YOUR INSTRUCTIONS »
Here the job is to print all of the entries below verbatim and leave out any picture.
--- MATERIAL SUPPLIED Enclosed Below ---
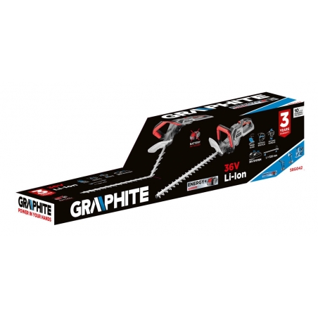 Nożyce do żywopłotu akumulatorowe 36V, Li-Ion, prędkość ostrza bez obciążenia 2800 min-1, szerokość cięcia 520 mm, dł. listwy tnącej 595 mm, max. grubość cięcia 20 mm, masa 3 kg, akcesoria: pochwa na ostrze - 1szt., kompatybilne z akumulatorami Energy+
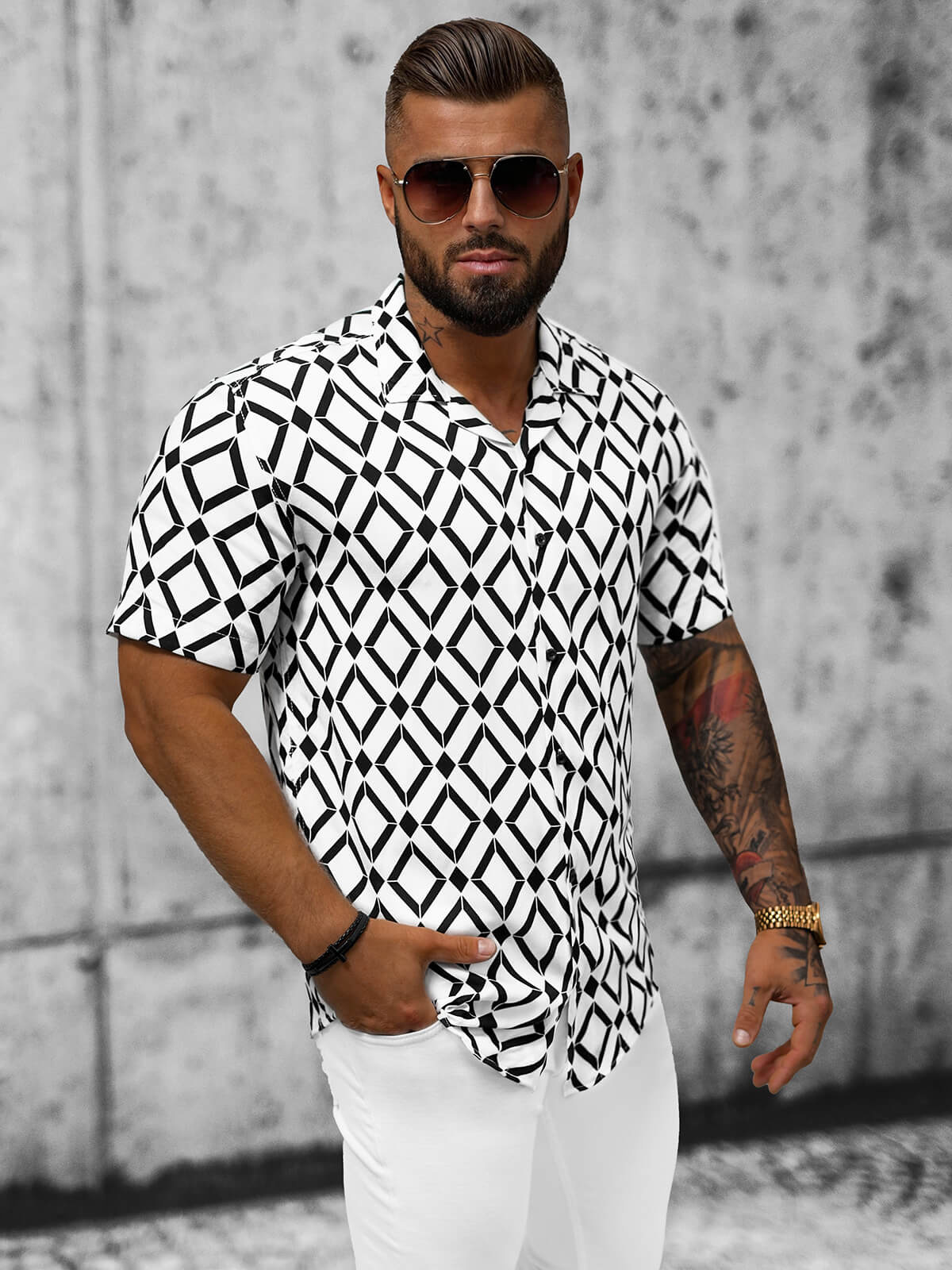 A mi modellünk, eredeti mintázattal rendelkezik rombusz formájában, ami újszerű kinézetet kölcsönöz. A gyártás során 100% pamutot használtak fel, ennek köszönhetően tartós és könnyű a tisztítása, ezért ez egy ideális választás lehet a mindennapokra, de a speciális eseményeken is megállja a helyét. Fehér - fekete ing az Ozonee-tól ez egy ideális összeállítás a komfortnak, stílusnak és funkcionalitásnak, ki fogsz tűnni a tömegből és megjelöli a te egyedi stílusodat.
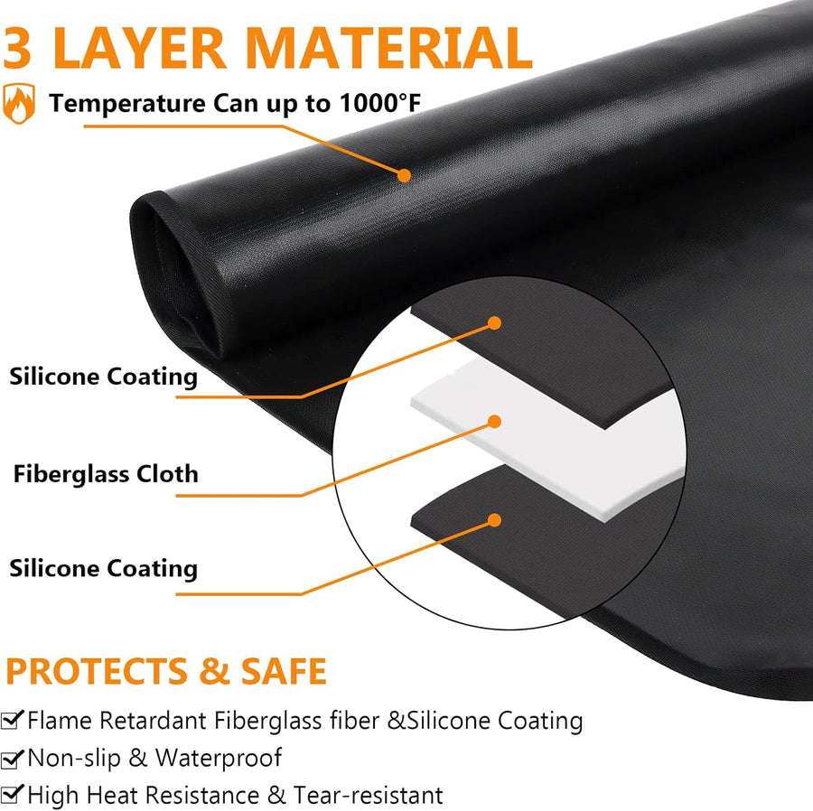 - đ„ăLanglebiges Glasfasermaterială Die Feuermatte besteht aus zwei Schichten wasser- und ölabweisendem Silikon und einer Schicht feuerfester Faser, die eine HitzebestĂ€ndigkeit von bis zu 1000 Grad Fahrenheit bieten kann. Die Feuermatte ist nicht
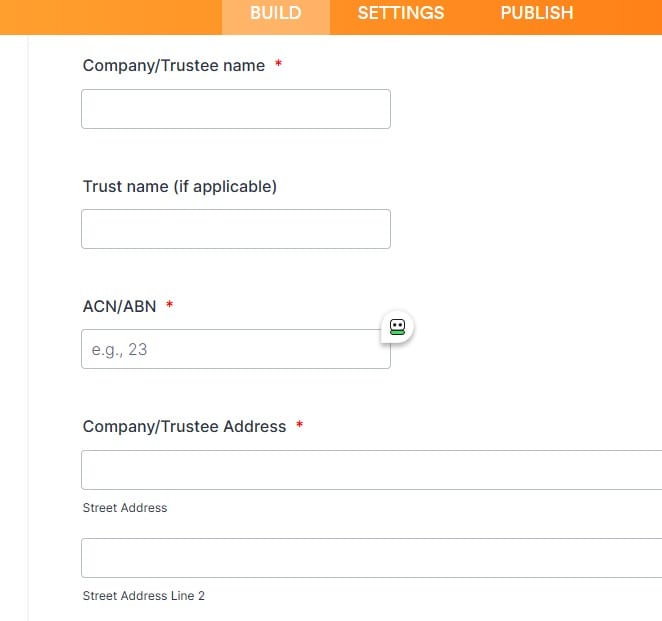 Clients operating as a company are guided through a tailored set of questions, including:- Company name and ACN
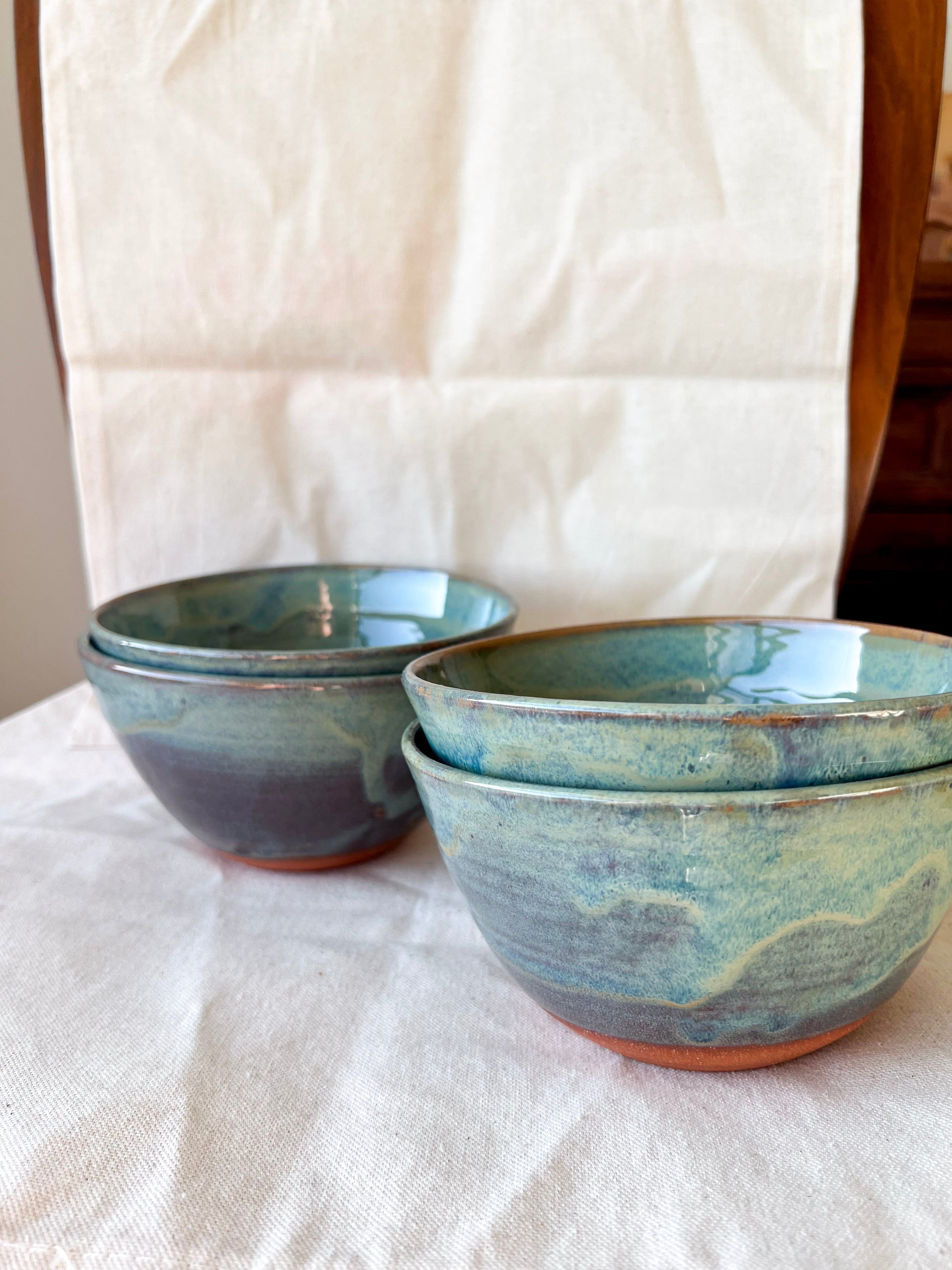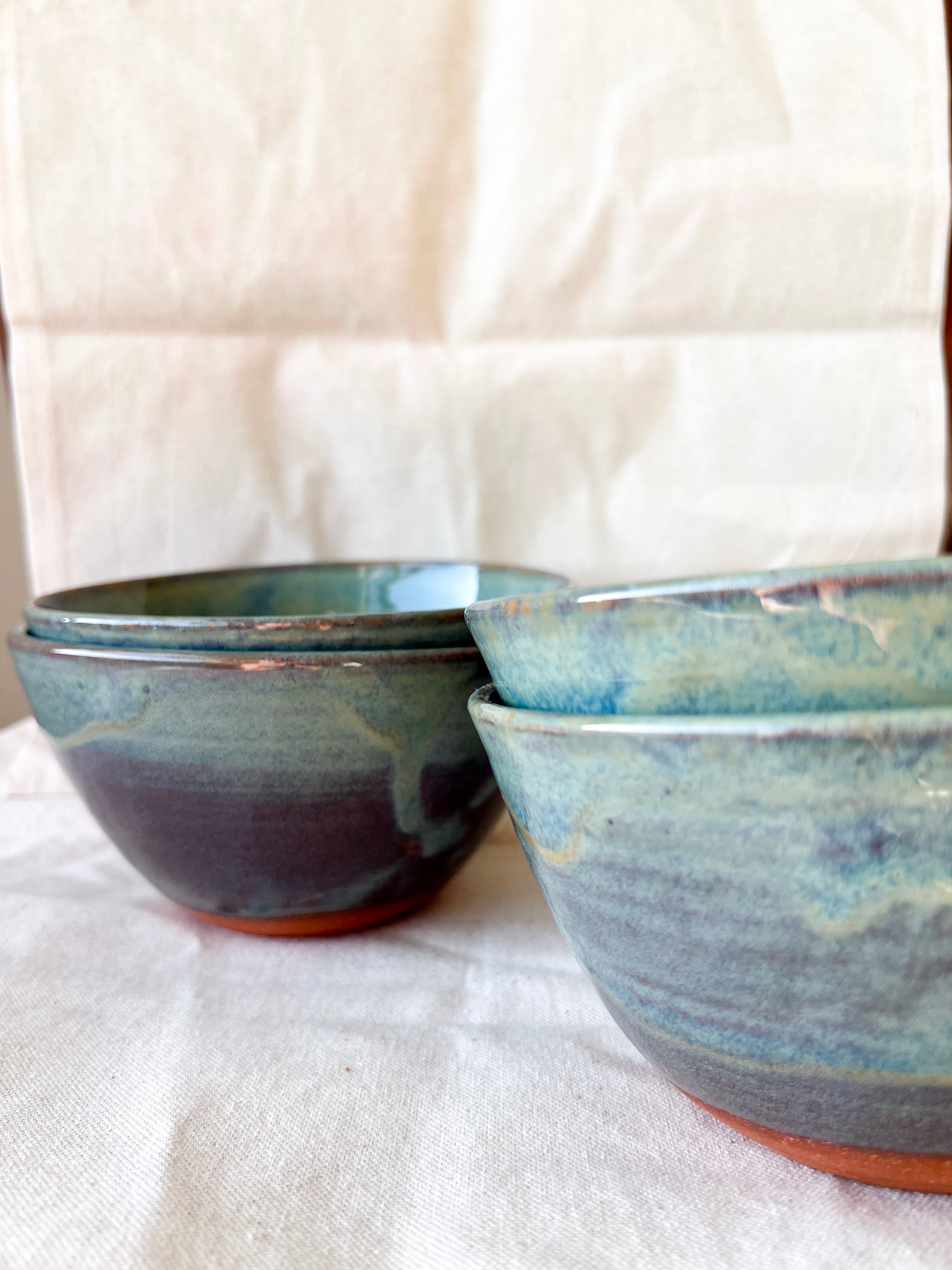 Handmade bowls thrown on the wheel. This item is food and drink safe, and dishwasher and microwave safe.
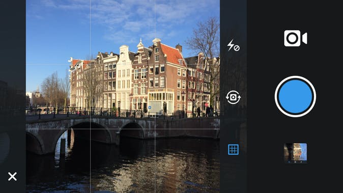 We zijn gewend om het onderwerp exact in het midden te zetten. Plaats je het meer naar de zijkant, dan blijkt een foto vaak veel interessanter om naar te kijken. Verder plaats je een horizon bij voorkeur op een derde vanaf boven. Als het om de mooie wolkenlucht gaat, dan zet je hem juist op een derde van onderen. Is er een mooie reflectie te zien, dan krijg je symmetrie met een horizon in het midden. Tijdens het fotograferen met de Instagram-app kun je een raster aanzetten via het blauwe raster-pictogram naast de voorbeeldweergave. Dat helpt enorm om mooiere composities te maken. De hulplijnen zitten precies op een derde van het beeld.
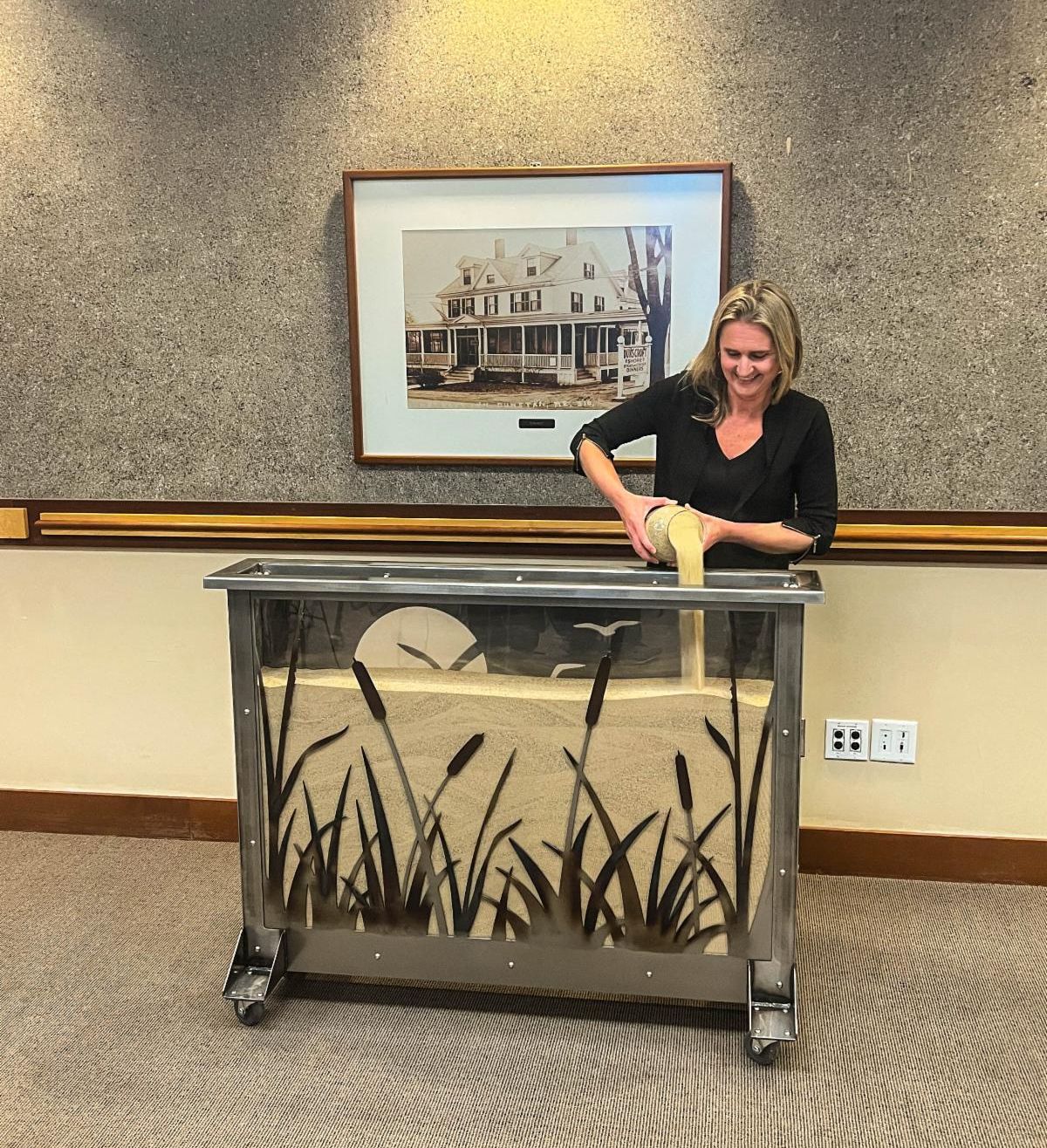 | | Councilor Karin Shupe poured sand into the display to represent newly conserved land. This piece is set up at the entrance to Council Chambers at Town Hall and will serve as a continuous reminder of the Town's achievement and further efforts toward conservation. | | Planning Board Reviews Dunstan Area Affordable & Workforce Housing Project | | |
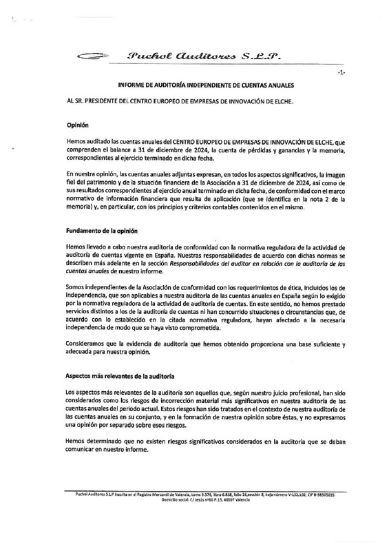 Cuentas anuales e informe de auditorías CEEI Elche 2024
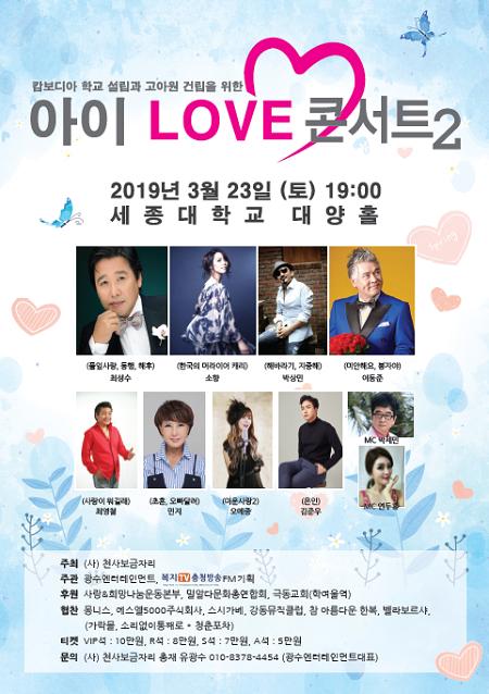 캄보디아 학교와 고아원 건립을 위한 사랑의 자선공연 아이 러브 콘서트2가 오는 3월 23일 오후 7시 세종대 대양홀에서 열린다.지난해 9월 29일 첫 공연에 이은 시즌2 무대다.
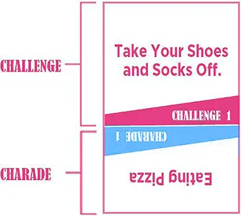Each Challenge Card has 2 items on it: a Challenge (used in Relay and Battle gameplay) and a Charade.
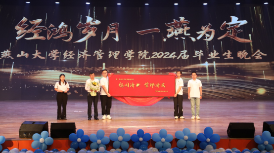 各系教师代表为毕业生们赠送一个富有寓意的“字”,连贯起来组成“经管博学广誉”,这些字不仅是各专业特色的浓缩,更是对经管学子全面发展的殷切期望。同时,毕业生们也将一份特别的礼物敬献给亚博体育
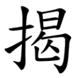 此字始見於篆文。篆文從手、曷聲。楷書同。字從「手」為義符,表示是手部的動作;從「曷」為聲符,不兼義,《說文》以為「曷」字本義為「何也」,古文字學家或以為是「被割下來的果實」,無論依那一說都與「揭」義無關。在六書中屬於形聲。
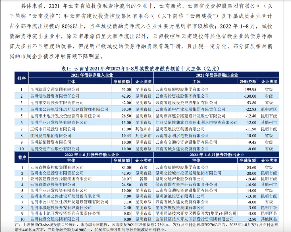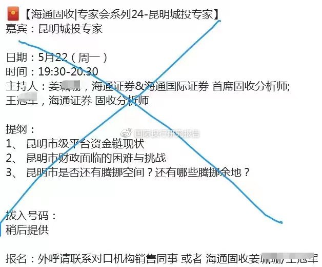 然后,海通证券为其客户组织了专家会议,后来网上流传出“昆明银行口专家路演要点”和《昆明城投专家会议纪要》的文件。在这份文件中,要点是昆明部分城投企业(地方融资平台)到期公募债偿还困难较大,地方政府正多方筹措资金,包括向某东部大市城投借钱,但仍面临较大压力。而让昆明国资委陷入尴尬的是其中一位后来确认是来自民生银行的专家发表了一些不可接受的猜测性资金来源的观点。
--- End of Enclosed MATERIAL SUPPLIED ---
PROBLEM SOLUTION »
 Nożyce do żywopłotu akumulatorowe 36V, Li-Ion, prędkość ostrza bez obciążenia 2800 min-1, szerokość cięcia 520 mm, dł. listwy tnącej 595 mm, max. grubość cięcia 20 mm, masa 3 kg, akcesoria: pochwa na ostrze - 1szt., kompatybilne z akumulatorami Energy+
 A mi modellünk, eredeti mintázattal rendelkezik rombusz formájában, ami újszerű kinézetet kölcsönöz. A gyártás során 100% pamutot használtak fel, ennek köszönhetően tartós és könnyű a tisztítása, ezért ez egy ideális választás lehet a mindennapokra, de a speciális eseményeken is megállja a helyét. Fehér - fekete ing az Ozonee-tól ez egy ideális összeállítás a komfortnak, stílusnak és funkcionalitásnak, ki fogsz tűnni a tömegből és megjelöli a te egyedi stílusodat.
 - đ„ăLanglebiges Glasfasermaterială Die Feuermatte besteht aus zwei Schichten wasser- und ölabweisendem Silikon und einer Schicht feuerfester Faser, die eine HitzebestĂ€ndigkeit von bis zu 1000 Grad Fahrenheit bieten kann. Die Feuermatte ist nicht
 Clients operating as a company are guided through a tailored set of questions, including:- Company name and ACN
 Handmade bowls thrown on the wheel. This item is food and drink safe, and dishwasher and microwave safe.
 We zijn gewend om het onderwerp exact in het midden te zetten. Plaats je het meer naar de zijkant, dan blijkt een foto vaak veel interessanter om naar te kijken. Verder plaats je een horizon bij voorkeur op een derde vanaf boven. Als het om de mooie wolkenlucht gaat, dan zet je hem juist op een derde van onderen. Is er een mooie reflectie te zien, dan krijg je symmetrie met een horizon in het midden. Tijdens het fotograferen met de Instagram-app kun je een raster aanzetten via het blauwe raster-pictogram naast de voorbeeldweergave. Dat helpt enorm om mooiere composities te maken. De hulplijnen zitten precies op een derde van het beeld.
 | | Councilor Karin Shupe poured sand into the display to represent newly conserved land. This piece is set up at the entrance to Council Chambers at Town Hall and will serve as a continuous reminder of the Town's achievement and further efforts toward conservation. | | Planning Board Reviews Dunstan Area Affordable & Workforce Housing Project | | |
 Cuentas anuales e informe de auditorías CEEI Elche 2024
 캄보디아 학교와 고아원 건립을 위한 사랑의 자선공연 아이 러브 콘서트2가 오는 3월 23일 오후 7시 세종대 대양홀에서 열린다.지난해 9월 29일 첫 공연에 이은 시즌2 무대다.
Each Challenge Card has 2 items on it: a Challenge (used in Relay and Battle gameplay) and a Charade.
 各系教师代表为毕业生们赠送一个富有寓意的“字”,连贯起来组成“经管博学广誉”,这些字不仅是各专业特色的浓缩,更是对经管学子全面发展的殷切期望。同时,毕业生们也将一份特别的礼物敬献给亚博体育
 此字始見於篆文。篆文從手、曷聲。楷書同。字從「手」為義符,表示是手部的動作;從「曷」為聲符,不兼義,《說文》以為「曷」字本義為「何也」,古文字學家或以為是「被割下來的果實」,無論依那一說都與「揭」義無關。在六書中屬於形聲。
 然后,海通证券为其客户组织了专家会议,后来网上流传出“昆明银行口专家路演要点”和《昆明城投专家会议纪要》的文件。在这份文件中,要点是昆明部分城投企业(地方融资平台)到期公募债偿还困难较大,地方政府正多方筹措资金,包括向某东部大市城投借钱,但仍面临较大压力。而让昆明国资委陷入尴尬的是其中一位后来确认是来自民生银行的专家发表了一些不可接受的猜测性资金来源的观点。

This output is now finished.